Cutaneous Lupus Erythematosus 2008: Presentation & Management
ACVIM 2008
Danny W. Scott, DVM, DACVD
Ithaca, NY, USA

There are currently at least four forms of lupus erythematosus (LE) in dogs. Systemic lupus erythematosus (SLE) is the most severe form because it is a multisystemic disease wherein about 50% of the patients have skin disease.1,2 This presentation will focus on the remaining forms of LE which are predominantly skin diseases.

Pathogenesis

The etiopathogenesis of the skin lesions in any form of LE is incompletely understood.2 Genetic associations have been made in dogs,2 and suggested precipitating factors include viral infections, drugs (to include vaccines), hormones, chemical exposure, and (in humans) cigarette smoking.2

A current hypothesis for the pathogenesis of skin lesions in genetically susceptible individuals is as follows:2

1.  Ultraviolet light (both UVB and UVA) penetrating to the level of epidermal basal cells induces, on the keratinocyte surface, the enhanced expression of intercellular adhesion molecule-1 (ICAM-1) and of autoantigens (e.g., Ro) previously found only in the nucleus or cytoplasm.

2.  Specific autoantibodies to these antigens, that are present in plasma and in tissue, fluids, attached to keratinocytes and induce antibody-dependent cytotoxicity of keratinocytes.

3.  Injured keratinocytes release interleukin-2 (IL-2) and other lymphocyte chemoattractants, resulting in a lymphohistiocytic infiltrate. Inappropriate activation of keratinocyte apoptosis occurs.

Discoid Lupus Erythematosus (DLE)

Canine DLE was first documented in 1979,3 and reviewed in 1983,4 and 1987.5 It is the most common form of cutaneous LE, and accounted for 0.27% of the dogs with skin diseases examined at a university clinic.5 There is probably no strong sex predilection, and no age predisposition has been reported. Collies, Shetland sheepdogs, German shepherd dogs, Siberian huskys, and Brittany spaniels appear to be over-represented.2

Clinical signs initially include depigmentation, erythema, and scaling of the nasal planum. A common early change is the loss of the normally rough, cobblestone-like architecture of the nasal planum. Later lesions include erosion, ulceration, and crusting. With time, lesions may progress proximally up the bridge of the nose. Less commonly, lesions may occur periorbitally, on the pinnae, on the lips, on the distal limbs, and on the genitals. Small punctate ulcers may be detected in the oral cavity, especially the tongue or palate. Rarely, dogs may present only with lesions of the pinnae2,6 or with nasodigital hyperkeratosis.2,4 Pruritus and pain are variable. Scarring and variable degrees of permanent leukoderma may occur. Rarely, deeply ulcerated nasal lesions damage arterioles, resulting in episodic, pulsatile hemorrhage. DLE is not a systemic disease, and affected dogs are otherwise healthy.

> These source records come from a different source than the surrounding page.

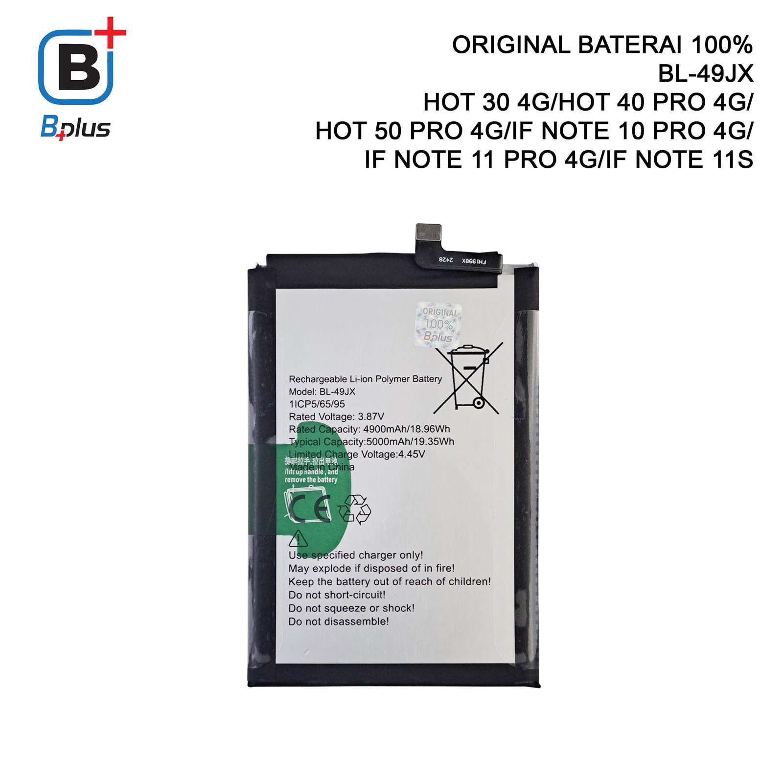 BATERAI INFINIX BL-49JX /HOT 30 4G/HOT 40 PRO 4G/HOT 50 PRO 4G/IF NOTE 10 PRO 4G/ IF NOTE 11 PRO 4G/IF NOTE 11S ORIGINAL BPLUS 100%
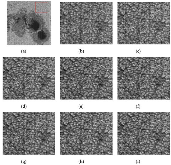 For the analysis of sunspots in Figure 13c,d,g shows that there is a clear stripe noise almost on the whole image. Figure 13e,f,h removes almost all of the noise except for slightly striped residues in the black area in the middle. The denoising result Figure 13i of the method we recommend is the most thorough one of all. No residual noise stripes can be seen on the whole image.
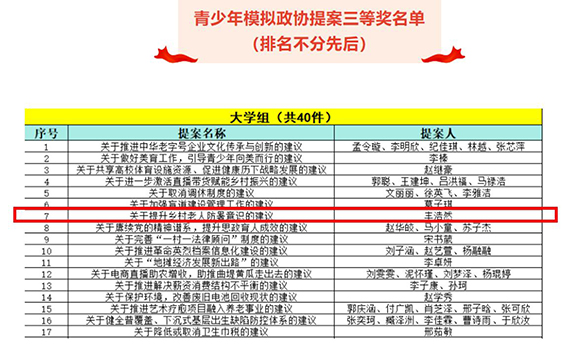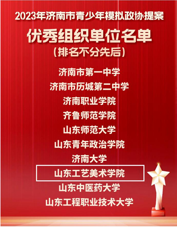 近日,由共青团济南市委、济南市政协办公厅、济南市教育局、济南市学联联合举办的2023年济南市青少年模拟政协提案征集活动圆满结束,获奖名单正式发布。其中由创新创业学院解恒言、杨景然两位老师指导的《关于改善乡村老人防暑意识欠缺问题的提案》荣获大学组三等奖,由人文艺术学院尉腾祥老师指导的《关于留守儿童暑期期间人身安全保护的提案》荣获大学组优秀奖。同时,我校荣获优秀组织单位称号。
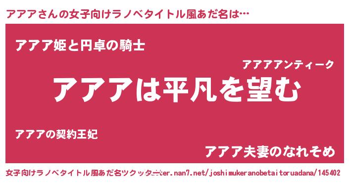 | ヒーロー風カッコイイあだ名 | 『黄金騎士アア』『スーパーアアア』 |
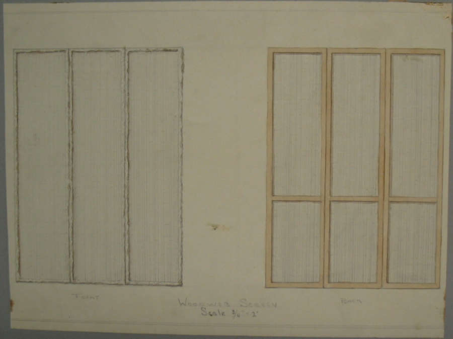 On recto in pencil: "FRONT / WOODWEB SCREEN / BACK / SCALE 3/4"=1' ".On verso in pencil: "$125.00".
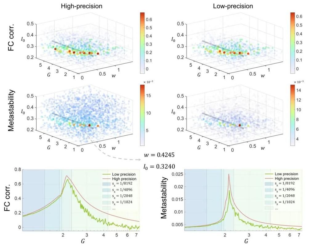 类脑计算芯片(如“天机芯”)虽具备高并行、高能效特性,但其低精度、面向智能计算的设计,与脑动力学仿真所需的高精度科学计算范式存在鸿沟。针对此挑战,本研究首次系统性设计了面向复杂脑动力学模型的低精度量化框架,并创新性地提出了层次化并行映射策略,成功在“天机芯”上实现了大规模脑模型的高保真、稳定仿真。
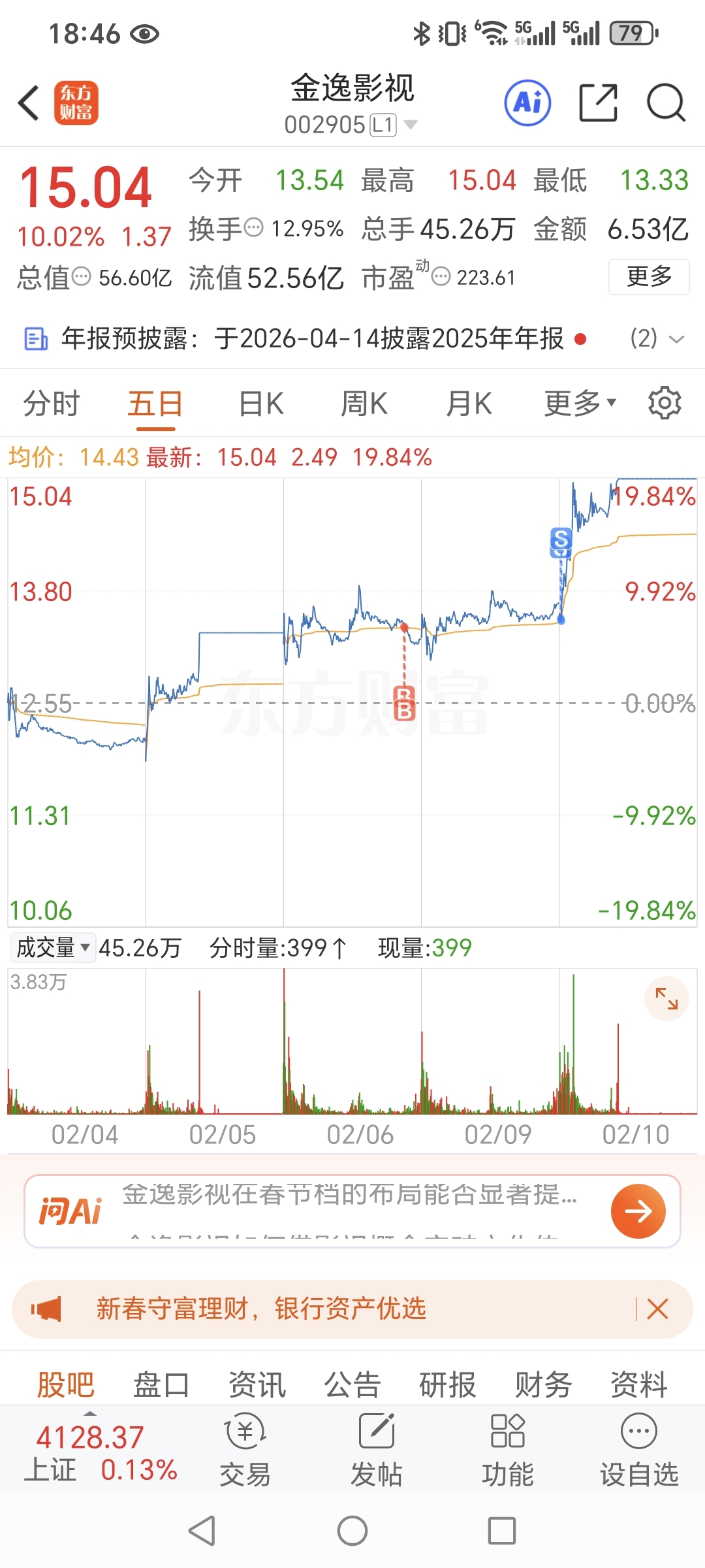 $金逸影视(SZ002905)$ 新手第一次看集合竞价拍断大腿。
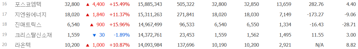 - 포스코엠텍 : #리튬관련주 상승 및 포스코 그룹주 상승.

DLE is commonly exacerbated or precipitated by exposure to ultraviolet light. Thus, the disease often is more severe in the summer and in sunny climates. Chronic, uncontrolled DLE has rarely been reported to undergo malignant transformation into squamous cell carcinoma of the nasal planum.7

Diagnosis is based on history, physical examination, and biopsy.2 Immunofluorescence and immunohistochemical testing demonstrate immunoglobulin and complement at the basement membrane zone.2 However, false-positive and false-negative results are common.2 Results of routine laboratory determinations (hemogram, biochemistry, urinalysis) and antinuclear antibody tests are usually within normal limits.2 Dermatohistopathological findings include interface dermatitis (hydropic, lichenoid, or both).2,8 Dermal mucinosis and focal thickening of the basement membrane zone are common findings.2,8

The prognosis for DLE is good.2 Therapy of DLE must be appropriate to the individual.2 Mild cases may be controlled by, and all cases benefit from, avoidance of exposure to intense sunlight (from 8 AM to 5 PM), the use of topical sunscreens (SPF >30), and the use of topical glucocorticoids (e.g., betamethasone ointment, fluocinolone/DMSO solution [Synotic®]).2 Commonly used therapeutic agents include:2,4 (a) prednisolone or methylprednisolone (2 mg/kg/day initially);2,4 (b) tetracycline and niacinamide (250 to 500 mg of each q8h initially);2,9 (c) vitamin E (400 to 800 IU q12h);2,4 (d) omega-6/omega-3 fatty acids (e.g., Eukanuba® dog foods);2 and (e) tacrolimus 0.1% (Protopic®) q12h.10

Vesicular Cutaneous Lupus Erythematosus (VCLE)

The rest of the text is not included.